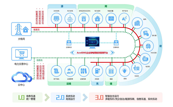 簡(jiǎn)介:1.概述 通過在源、網(wǎng)、荷、儲(chǔ)、充的各個(gè)關(guān)鍵節(jié)點(diǎn)安裝監(jiān)測(cè)、分析、保護(hù)、治理裝置, 通過高性能邊緣計(jì)算網(wǎng)關(guān)采集數(shù)據(jù)并上傳至企業(yè)微網(wǎng)平臺(tái)。平臺(tái)根據(jù)新的電網(wǎng)價(jià)格、 用電負(fù)荷、電網(wǎng)調(diào)度指令等情況,調(diào)整各系統(tǒng)控制策略并遠(yuǎn)程下發(fā),使企業(yè)微電網(wǎng)始終高效穩(wěn)定運(yùn)行, 降低企業(yè)用電成本,實(shí)現(xiàn)能源互聯(lián)、信息互動(dòng)。 2.應(yīng)用場(chǎng)所 適用于各行業(yè)企業(yè)內(nèi)部微電網(wǎng)管理系統(tǒng)的新建、擴(kuò)建、改建等項(xiàng)目。 3.平臺(tái)結(jié)構(gòu) 3.平臺(tái)功能 安科瑞AcrelEMS企業(yè)微電網(wǎng)能效管理平臺(tái)融合了電力監(jiān)控、電氣安全、照明控制、能源管控、充電樁運(yùn)營管理、分布式光伏監(jiān)測(cè)、儲(chǔ)能管理、設(shè)備臺(tái)賬、運(yùn)維管理等功能,通過一個(gè)平臺(tái)、一個(gè)APP整體的對(duì)企業(yè)用電進(jìn)行集中監(jiān)控、統(tǒng)一調(diào)度、統(tǒng)一運(yùn)維,并且根據(jù)當(dāng)?shù)毓╇姴块T錯(cuò)峰避峰計(jì)劃提前為企業(yè)制定錯(cuò)峰避峰方案和預(yù)警,滿足企業(yè)
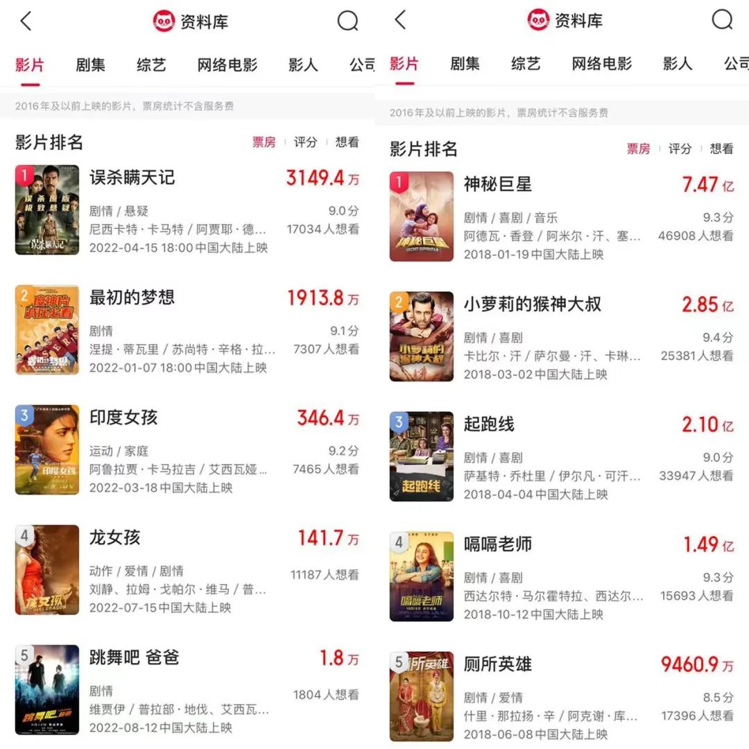 以前为国内贡献过黑马批片的国度——英国、印度等,如今也不灵验了。今年从英国引进的群星参演的《尼罗河上的惨案》《唐顿庄园2》票房均不过亿。印度引进的5部批片最高票房仅为三千万,而2018年引进的10部印度批片,票房最高7亿,最低为三千万。
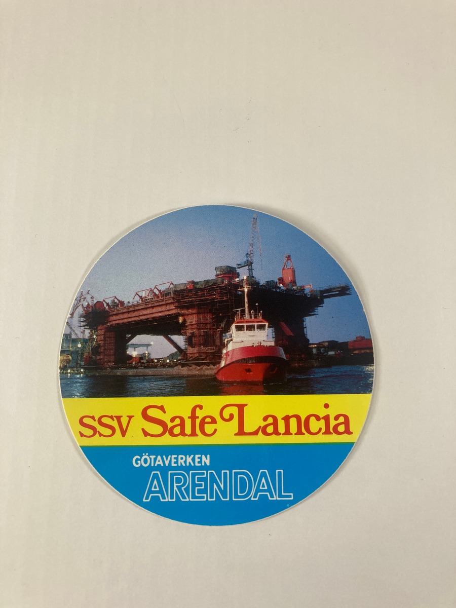 Reklamklistermärke SAFE LANCIA, Götaverken Arendal.
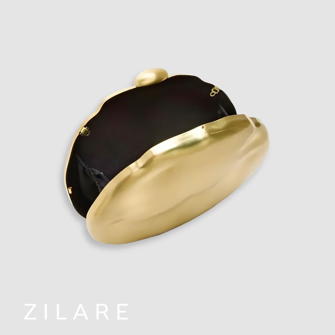 Bolsa de mano mujer dorada con cadena y diseño rígido Dora
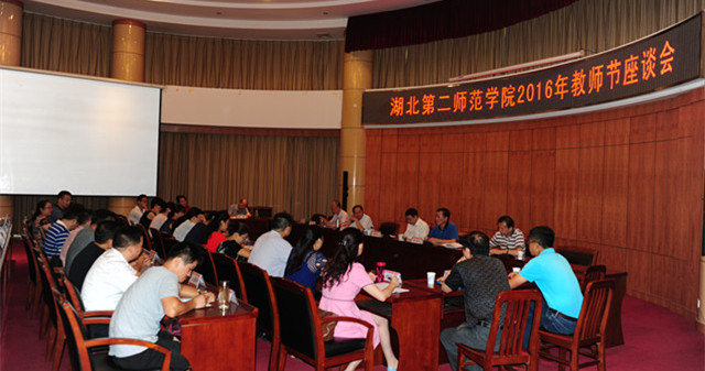 本网讯(学通社见习记者 王雷 李眉萱)9月9日,我校2016年教师节座谈会在行政楼一号会议室召开。校领导胡仲军、许邦官、黄颂、夏力、胡兴等出席,副校长柯美录主持座谈会。
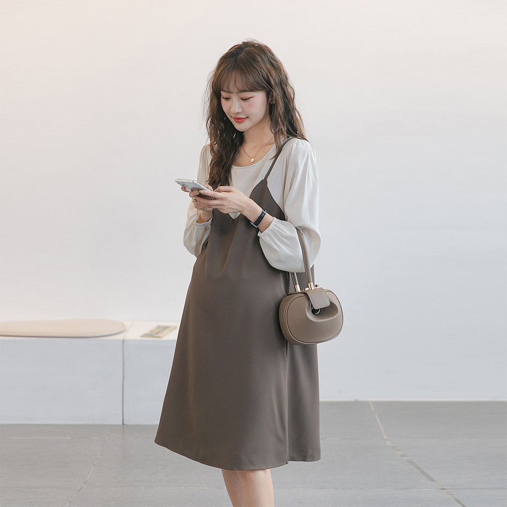 Весенний вместительный и большой базовый комплект для беременных, платье, изысканный стиль, большой размер, эффект подтяжки
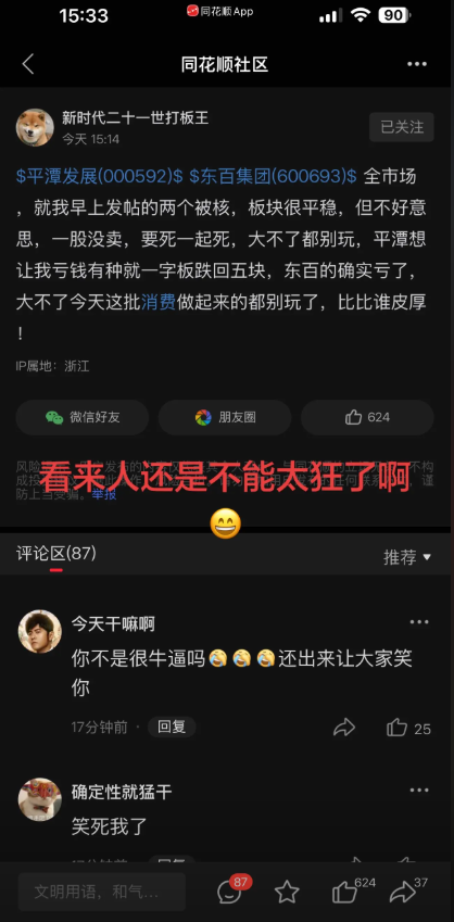 兄弟上午东百和平谭涨停板还在那求虐求收割,下午主力直接教做人
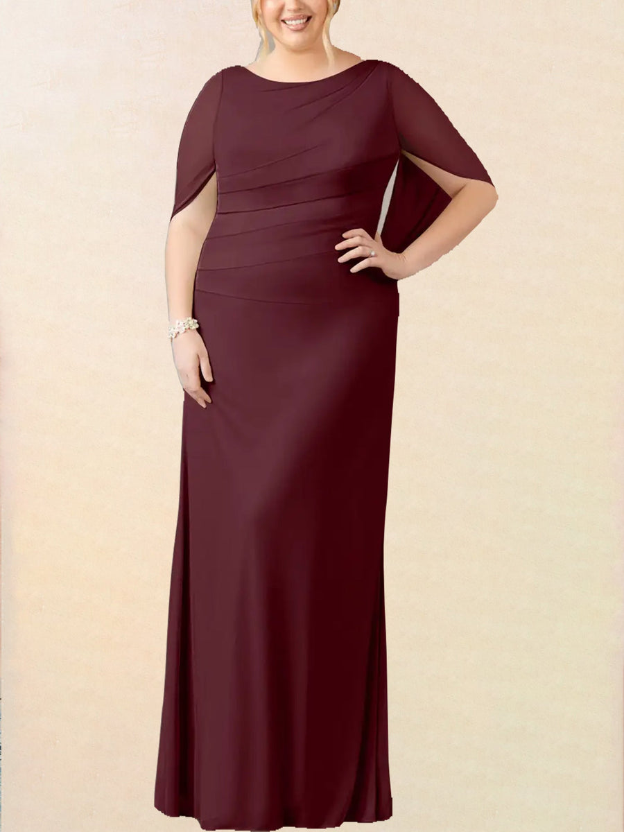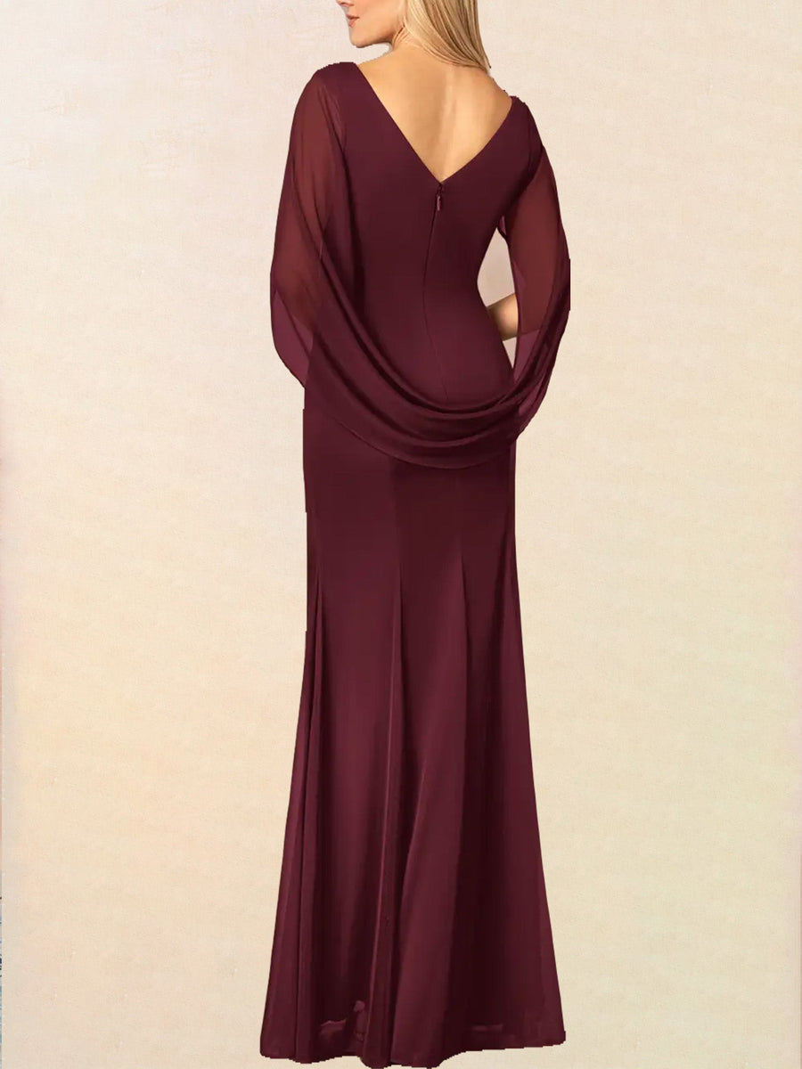 Chiffon Mermaid Scoop Neck 3/4 Sleeves Dress-BM00017
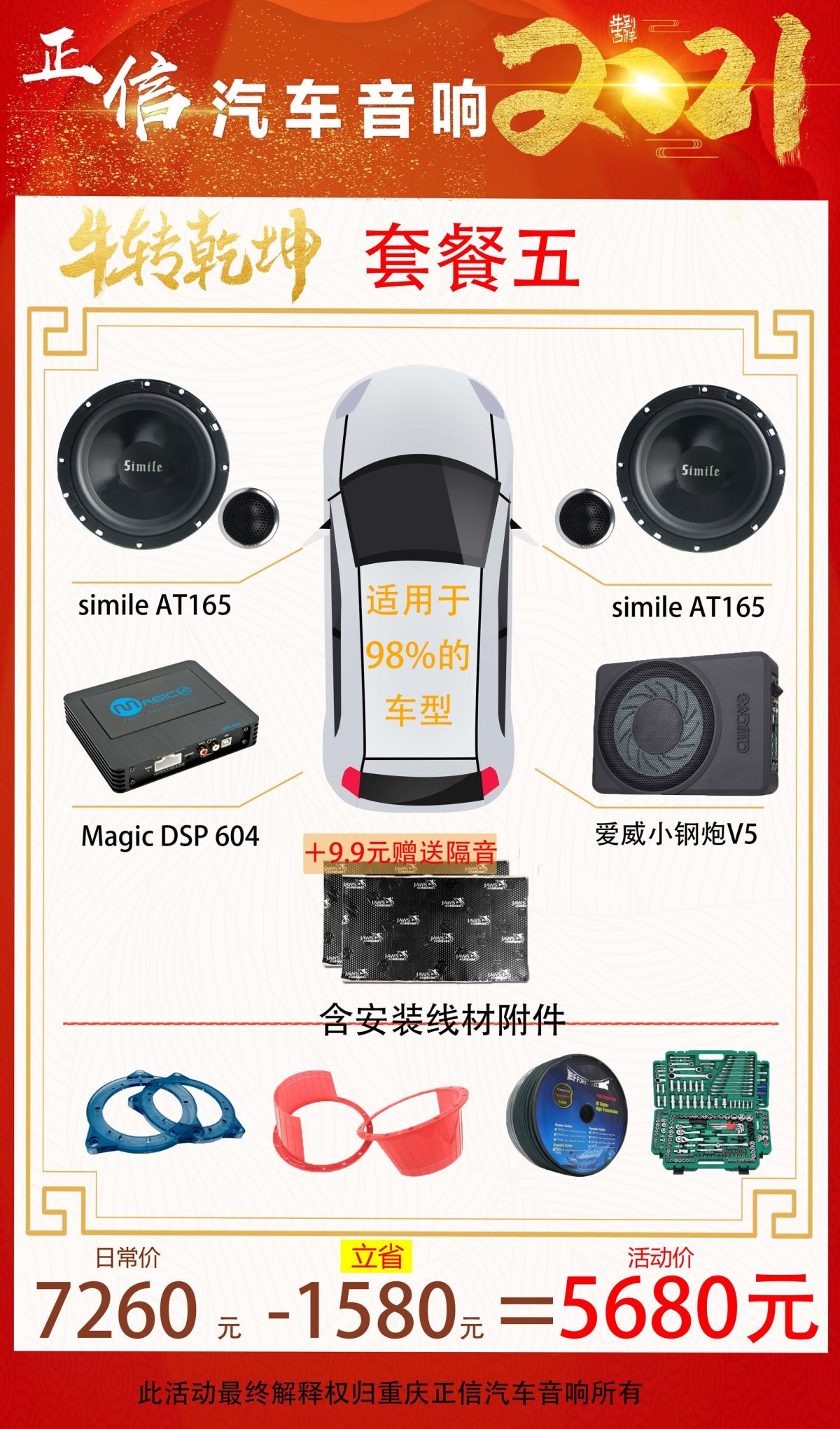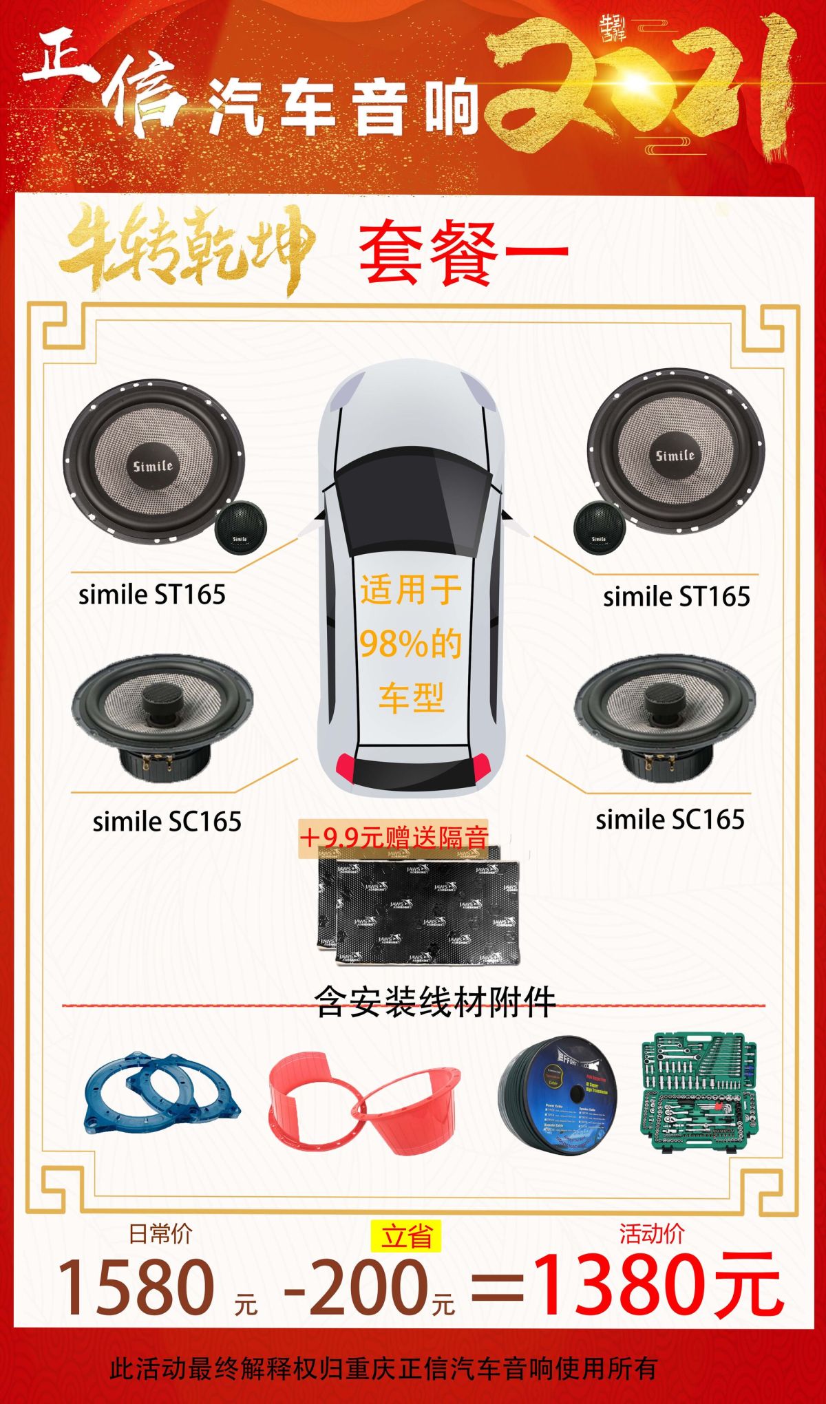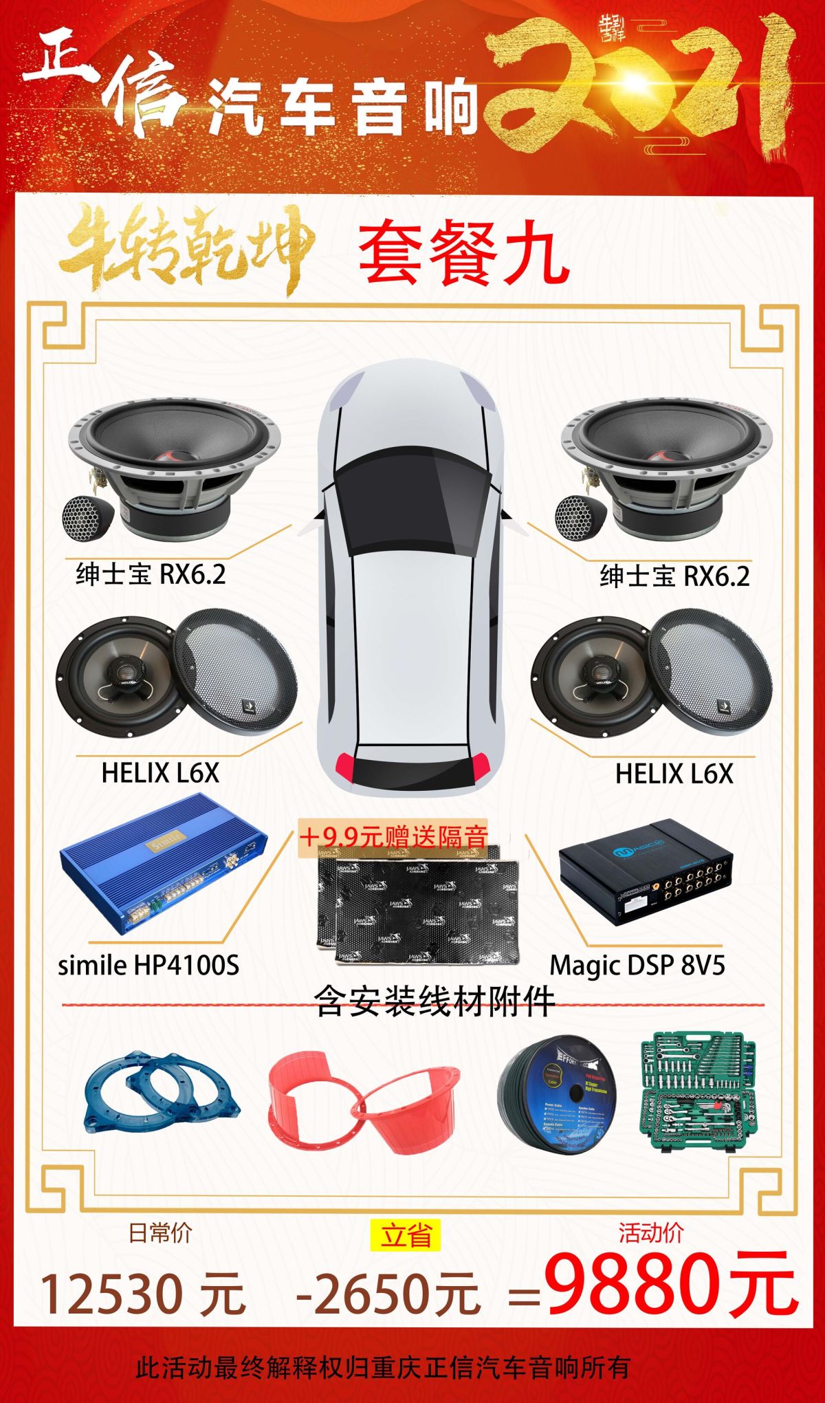 重庆正信汽车音响隔音降噪2021牛年大吉万元内音响套餐

Task description:
Please copy the lines exactly, beginning at the one containing "Reklamklistermärke SAFE LANCIA, Götaverken" and ending at the last line of the records above, both included, with the pictures left out.

Reply:
 Reklamklistermärke SAFE LANCIA, Götaverken Arendal.
 Bolsa de mano mujer dorada con cadena y diseño rígido Dora
 本网讯(学通社见习记者 王雷 李眉萱)9月9日,我校2016年教师节座谈会在行政楼一号会议室召开。校领导胡仲军、许邦官、黄颂、夏力、胡兴等出席,副校长柯美录主持座谈会。
 Весенний вместительный и большой базовый комплект для беременных, платье, изысканный стиль, большой размер, эффект подтяжки
 兄弟上午东百和平谭涨停板还在那求虐求收割,下午主力直接教做人
 Chiffon Mermaid Scoop Neck 3/4 Sleeves Dress-BM00017
 重庆正信汽车音响隔音降噪2021牛年大吉万元内音响套餐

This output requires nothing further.